They say everyone is a reporter in the age of social media, and now The New York Stock Exchange is joining the fray. In what may be a first for an exchange, the NYSE recently unveiled an online newsroom that offers a mix of breaking news, folksy company profiles, and the ability for readers to share and endorse content via social media. The content is also optimized for consumption on mobile and tablet. In short, NYSE has gone full-scale into the content business.
“We wanted to create a larger stage that would offer the companies we profile a more digitally savvy, socially designed platform,” says Marisa Ricciardi, CMO, NYSE Euronext. Ricciardi says the new platform not only promotes NYSE as an innovative, forward-looking brand, but also helps promote the listing companies – both current and potential – whose stories it seeks to tell.
The 225-year old equities exchange was already providing such storytelling via NYSE, a glossy print publication that appears three times a year and has about 65,000 readers. The magazine is distributed to executives at publicly traded companies, private equity and venture capital firms, as well as selected airport and business lounges. About two years ago, NYSE began using its main website to offer story updates more frequently than the print pub could offer. But that wasn’t quite enough in the age of social media, hence the decision to launch a dedicated online platform NYSE calls The Big Stage.
The site, Ricciardi says, “provides users with an opportunity to experience that content when and where they choose. It is less about speaking to them and more about engaging with the audience.”
The editorial on the site is a mix of NYSE’s own marketing content and that of its partners, the branded content arms of The Wall Street Journal and Time Inc. Current content on the site includes an interview with Juan Ramón Alaix, the CEO of veterinary vaccine maker Zoetis Inc.; a Q&A with David Liu, chairman and CEO of the NY-headquartered media and technology company XO Group Inc.; and a series of video interviews conducted by startup guru Guy Kawasaki, interviewing entrepreneurs such as Jeremy Stoppelman, CEO of Yelp.

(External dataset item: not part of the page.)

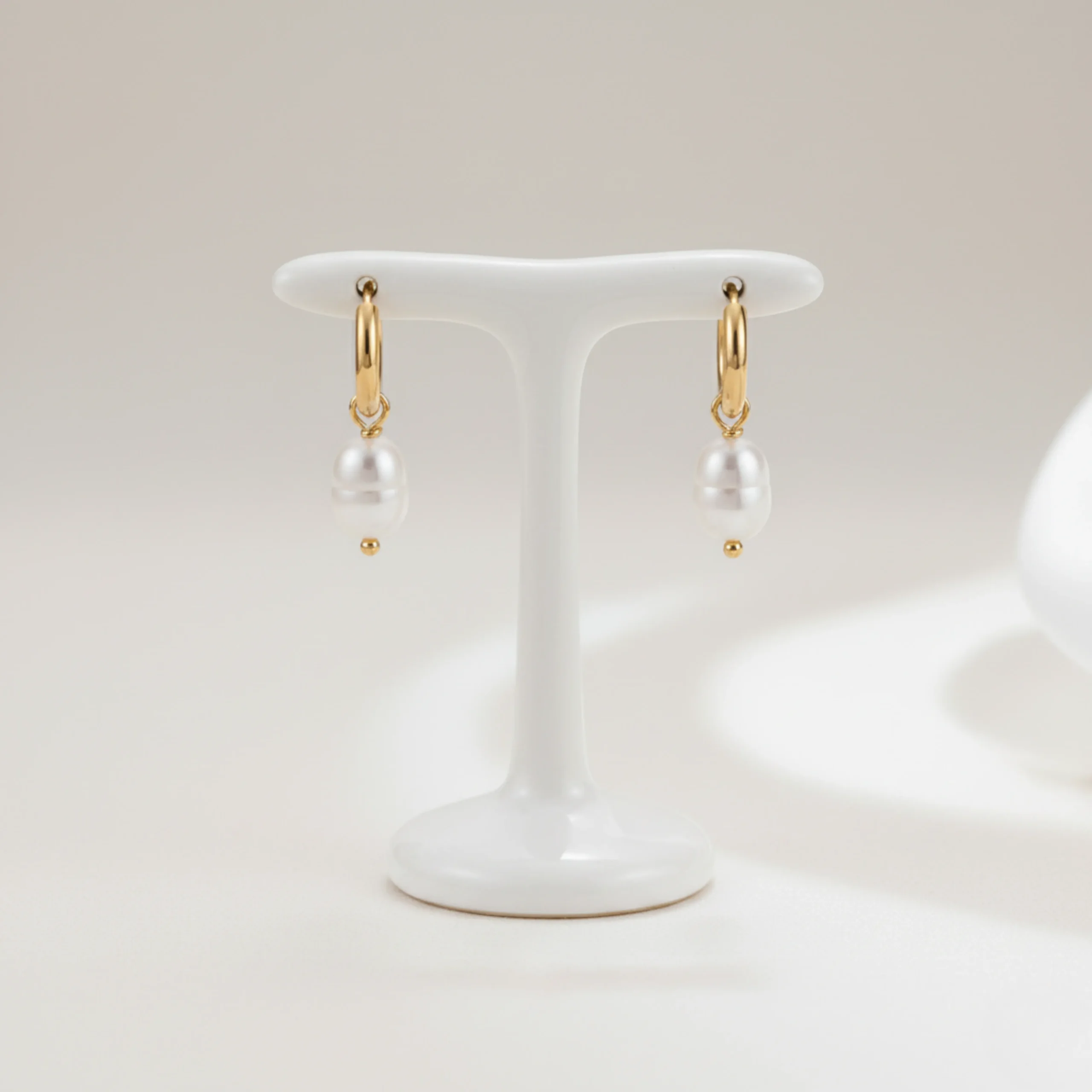 עיצוב: עגיל חישוק עגלגל בעל מראה יוקרתי בשילוב תליון תלוי דמוי פנינה.

With users now able to email or share the stories on Twitter, Facebook, and other social media, and NYSE’s ability to track which stories are most popular, the exchange can also decide on-the-fly which stories and headlines to emphasize. “This helps us create future content and give us great feedback,” Ricciardi says.

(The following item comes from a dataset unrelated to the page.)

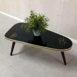 Zeer mooie langwerpige plantentafel met glas motief blad uit de jaren 50/60.
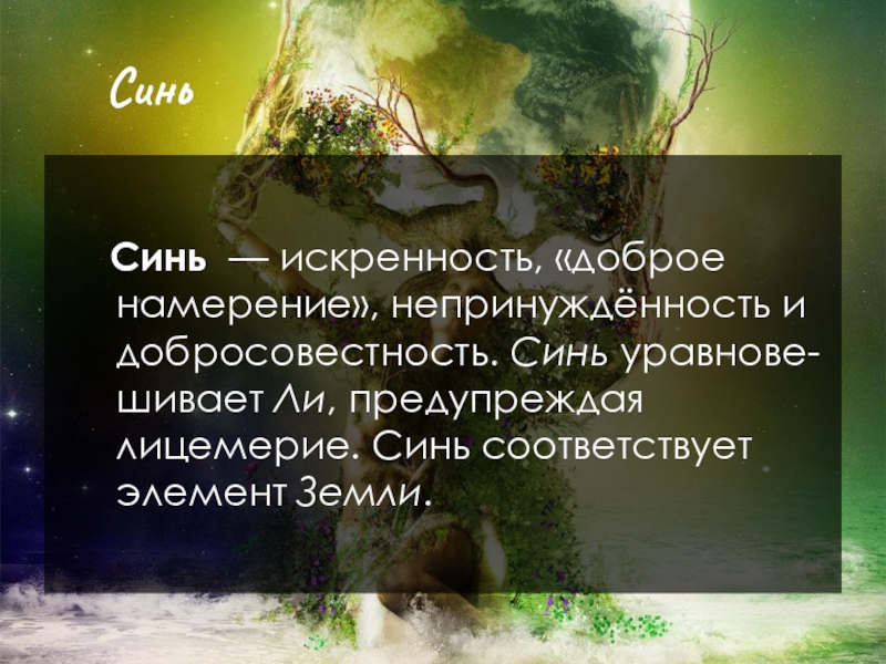 Синь — искренность, «доброе намерение», непринуждённость и добросовестность. Синь уравнове-шивает Ли, предупреждая

NYSE’s Twitter channel, which currently has around 245,000 followers, is also being used to promote the new site, as are banner ads placed on selected financial services websites, according to Todd Stanley, executive vice president at Digitas, the agency that is working with NYSE to plan and execute the new site. With the revamp, the banner ads can also be updated in real time to reflect the latest editorial updates.
Digitas has also worked with other brands including Sprint to develop news desk-type offerings, Stanley says, but not every brand has the depth of content needed to fill a site on the scale of NYSE. Still, brands can seek out more modest ways of building the brand’s story via social media. Says Stanley: “The brand as publisher can be a daunting challenge. You need to know your audience and what resources you are capable of delivering. This is a strategy to be sustained, rather than a short-term solution where you try it and walk away.”